When I got home to Marianna, Cephas and Lula had a congratulatory supper at the house, just family members. At the table, Lula insisted on hearing about the ceremony, the speeches, and the celebration afterwards at the President’s house.

After dinner, when we gathered into the parlor, I unrolled my diploma. My niece and nephew gazed at it, not comprehending the Latin, but Cephas and Lula were proud. Lula said she would have it framed right away as a graduation present, so it could be hung in the office.

Cephas brought out wine and cigars; the clue that Lula was to leave with the children as it was their bedtime. She kissed me on the cheek, repeated again how proud she was of me, then left, sliding the pocket doors closed behind her.

Cephas offered me a glass of wine; I declined, but he poured one anyway and set it on the table next to my chair. Ever-alert Cephas smirked.

“Swearing it off, are you,” he said to me.

I felt a blush creep up my cheeks, but said nothing.

Cephas Love Wilson. Source: State Archives of Florida.

“Care to talk about it?” Cephas asked.

About what?”

Cephas lit one of his Cuban cigars. He puffed it into life, then sat back in his easy chair, a glass of wine in one hand, his other arm bent, as he held the cigar, looking at me thoughtfully through the blue-gray smoke.

I didn’t say anything for a few moments, but I touched my forehead, which was still aching slightly from the tremendous hangover.

“I heard you met with some of the more prominent fellows of the Florida Bar while you were there,” Cephas said, wryly.

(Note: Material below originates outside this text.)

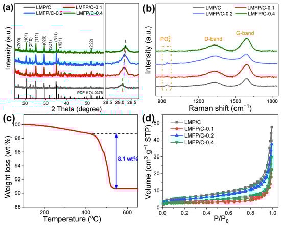 XRD patterns of LMFP/C-x samples are displayed in Figure 2a. Apparently, the major peaks are well indexed as an LMP phase (JCPDS card no. 74-0375) with an olivine-type structure. It is worth pointing out that there is a gradually positive shift of the (020) peak with the increasing of the Fe doping amount, which is related to the minor contraction of the lattice resulting from the differences in the radii of Fe2+ (0.65 Å) and Mn2+ (0.80 Å). This phenomenon also testifies to the successful doping of Fe element into the LMP lattice. The structural information is further detected by Raman spectra (Figure 2b). The weak characteristic peaks of PO43− centered at ~944 cm−1 are monitored in all samples. The other two distinct broad peaks belonging to the disordered carbon (D-, 1340 cm−1) and the graphitic carbon (G-, 1590 cm−1) testify to the presence of carbon species [13,24,37]. TGA analysis reveals that the carbon content in LMFP/C-0.2 is approximately 8.1 wt% (Figure 2c). The electronic conductivity is believed to be enhanced by the carbon species. The porous structure of LMFP/C-x was characterized by N2 adsorption–desorption tests (Figure 2d). According to the IUPAC classification, all samples deliver type IV isotherms with H3 hysteresis loops in the range of 0.5 < P/P0 < 1, proving the formation of mesoporous structures [8,35]. The BET specific surface areas of LMP/C, LMFP/C-0.1, LMFP/C-0.2, and LMFP/C-0.4 particles are determined to be 25.6, 15.8, 21.7, and 18.3 m2 g−1, respectively. The unique porous structure with large specific surface area is beneficial for electron migration and electrochemical reactions.

I closed my eyes for a moment. “We had dinner and a small celebration at the hotel. The older lawyers saw us; we invited them in, but they declined. Then me and the fellows went out to see the sights of the town.”

“Women.” Cephas smirked.

“Yes. We met some women.”

Cephas took a sip of his wine, and a puff of the cigar, then crossed his legs. “Look, Emmett. If we’re going to be partners, we need to be completely honest with each other. I’ve already heard about your adventures in Jacksonville as a newly minted member of the Florida Bar. But I want to give you the benefit of doubt first; I want to hear from you what happened.”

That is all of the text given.